The booster and capsule flown Monday were dedicated to flying science and research payloads to space, according to Blue Origin. The company’s crew-configured rocket and capsule are undergoing refurbishment for a future flight.

Blue Origin has built and flown four New Shepard vehicles so far, including the rocket destroyed on landing in 2015, another vehicle now retired, the rocket lost Monday, and the human-rated rocket devoted to human spaceflight missions.

The NS-23 mission carried 36 payloads from research institutions and student organizations, half of which are funded by NASA. The rocket was supposed to soar into the rarefied uppermost layers of the atmosphere, targeting an altitude just above 60 miles (100 kilometers), the internationally recognized boundary of space.

The BE-3 main engine was expected to fire for about 2 minutes and 20 seconds, then switch off before the crew capsule separated from the New Shepard booster. The capsule and booster were supposed to coast to apogee, the highest point of the flight, before falling back to Earth for landing.

The 36 payloads flying on the NS-23 mission included hydrogen fuel cell technology developed by Infinity Fuel Cell and Hydrogen Inc., a company based in Windsor, Connecticut, with a NASA-funded contract to develop an Advanced Modular Power and Energy System. The AMPES fuel cell technology could be used to generate power for future lunar rovers and surface habitats, and Blue Origin’s launch was expected to allow engineers to test some of the hardware in microgravity.
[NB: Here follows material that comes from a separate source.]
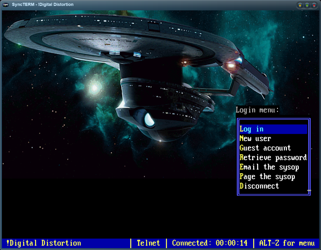 sysop, Page the sysop, and Disconnect.

Another NASA-funded experiment on the New Shepard flight Monday came from Honeybee Robotics, a subsidiary of Blue Origin, and was designed to study the strength of planetary soils under different gravity conditions.
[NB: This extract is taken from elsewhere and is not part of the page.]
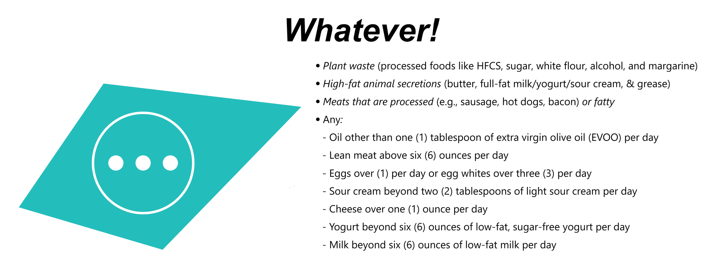 The Whatever! section includes…to repeat, WHATEVER!, but generally refers to anything that is more counterproductive than not to our goals of health and/or weight loss:

An investigation from the University of Florida was to test a fluorescence imaging system that enables biological research on suborbital missions, and researchers from MIT Media Lab flew an experiment called “Wax Casting” to test how future explorers could produce their own non-toxic solid rocket propellants in microgravity, such as paraffin and beeswax. The Wax Casting experiment was supposed to study how melted candle wax and a similar liquid called heptadecane react when they are rotated in tubes aboard the New Shepard capsule.
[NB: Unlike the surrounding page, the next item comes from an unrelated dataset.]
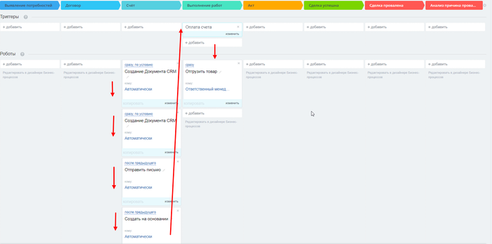 Далее добавляем еще одного робота который будет генерировать Счет. В первом случае мы делали непосредственно документ Счет, этот робот будет генерировать Счет как сущность CRM со своими статусами. После того как придет оплата счет автоматически перейдет в статус оплачен, сделка перейдет на следующую стадию а сотруднику поставится задача на отгрузку товара. После того как все настроено у вас должна быть примерно такая картинка в разделе роботы.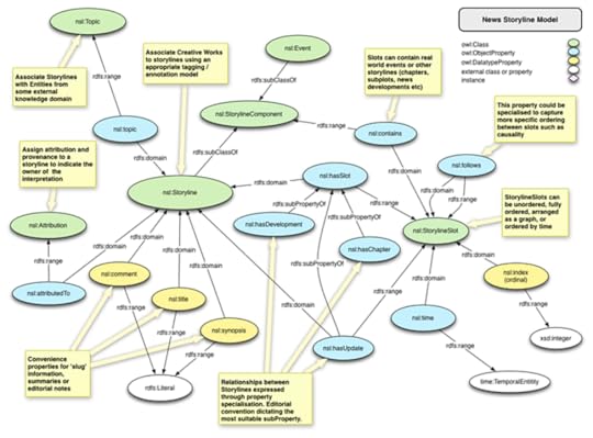 Know your audience: It’s vital to understand the way that your audience interacts with your website and your index. There are many ways of doing this; three that can be particularly useful are search log analysis, persona development, and user testing. Search logs have been invaluable throughout the lifecycle of the A-Z to highlight the areas of interest to users. They also shed light on the language used by people trying to find things on the site. Even though the A-Z is a browse tool and search is a search tool, don’t ignore the common goals of their respective users: finding stuff easily.Show your numbers: Don’t make your users guess: even if there’s only one non-alphabetic entry, show that it exists. Many indexes fudge the challenge of entries that begin with numerals by shoving them, for example, in under ”A” or “Z.” Chances are, the entries will only ever be found by serendipitous browsing or lucky guessing. Whatever it is labeled, make the numbers section or page prominent by placing it in front of the letter “A.” This is a convention in computer books that index technical concepts.Acknowledge articles: The question of how to deal with entries that start with “the,” “a,” or “an” became important for bbc.co.uk because of the sheer volume of program titles that needed to be added to the index. Eventually we decided to double-post entries under both the first letter of the article word and whatever letter the next word started with, hence entries for both “The Apprentice” and “Apprentice, The”. As with the previous tip, why make users stop to think about how the indexer might choose to see the content? The beauty of an A-Z over a directory or a sitemap is that different mental models can be supported and the same thing can appear in more than one place. This gives it an advantage over, say, the Grand Vizier’s camels.Include synonyms: Synonyms, in the form of “See: XX” references, appear throughout the bbc.co.uk index. As in the traditional thesaurus, they are used to show equivalence between a word or phrase and its preferred term. Synonyms in an A-Z add richness to the list of entries–and can often allow you to speak your users’ language without losing the ability to call entries by their correct names. Equally, synonyms play a role in educating users as to what those correct names are. For bbc.co.uk, many synonyms are used in the A-Z to provide alternative access paths to branded content. For example, the radio station Five Live is always written with a word rather than a number, but a user scrolling through the numbers page will see a pointer to it.Properly index proper names: People should be indexed by surname rather than first name, as per book indexing convention. There are of course some exceptions; for example, the names of monarchs (“Charles I”), certain celebrities (“Mel B”), or people from cultures where the surname appears before the first name (“Mao Tse-Tung”).Consider your cross-references: In general, the bbc.co.uk A-Z avoids excessive cross-referencing, which could make already long pages less usable and less attractive to casual browsers. However, bringing closely related concepts together can add value to the index and promote content in different places. Cross-references are shown as “See Also:” pointers in entries, such as a country name linked to content about the languages that are spoken there.Use qualifiers and extra information: Besides synonyms and cross-references, there are other ways to make your index more user-friendly. Qualifiers are extra bits of information in parentheses, attached to index entries, often for clarifying concepts. For example, the bbc.co.uk A-Z qualifies dance as “(Performing Art)” in order to differentiate it from dance music, which is also covered in depth on the site.Take pride in the index: Dealing with everything mentioned in the other seven tips will give your index a fighting chance of being successful. None of it will matter, however, if users cannot find it. Make the A-Z index available from all parts of your site if you can, preferably linking to it in a consistent, prominent place on every page. This might be in a toolbar or as part of the navigation. Whatever you do, don’t follow the example of some sites that put the link to the A-Z at the bottom of the page, in tiny size 1 font, with other links that very few people (apart from lawyers) ever see, let alone click on.Storyline OntologyThe News Storyline Ontology is a generic model for describing and organizing the stories news organizations tell. The ontology is intended to be flexible to support any given news or media publisher’s approach to handling news stories. At the heart of the ontology, is the concept of Storyline. As a nuance of the English language the word ‘story’ has multiple meanings. In news organizations, a story can be an individual piece of content, such as an article or news report. It can also be the editorial view on events occurring in the world.

The Electrostatic Regolith Interaction Experiment from the University of Central Florida, also supported by NASA, was to study the behavior of charged dust particles in microgravity. Information from this experiment could help engineers develop strategies to prevent lunar dust from damaging electronics, solar cells, mechanical equipment, and astronaut spacesuits on the moon, according to UCF.

There was also an experiment on the NS-23 mission from NeoCity Academy in Kissimmee, Florida, where six high school students developed an investigation to study the effects of microgravity on ultrasonic sound waves. Another project from Anatolia College in Greece was attempting to create a painting in space.

Blue Origin’s New Shepard rocket on the launch pad ahead of the NS-23 mission. Credit: Blue Origin

Two sensor suites flying on the New Shepard rocket were designed to measure data on the environment outside the vehicle. A fiber optic sensor system developed by NASA’s Armstrong Flight Research Center was to monitor the structural health of the vehicle, collecting temperature and strain data on the NS-23 mission before future use on orbital launch vehicles.

A space sensor platform from Johns Hopkins University’s Applied Physics Laboratory was also mounted on the New Shepard booster. It was designed to study environmental conditions in the lower ionosphere, a difficult-to-study region of Earth’s atmosphere. Scientists hope to expand the platform’s capabilities on future flights to include telescopes, cameras, and deployment of small sensors, according to Blue Origin.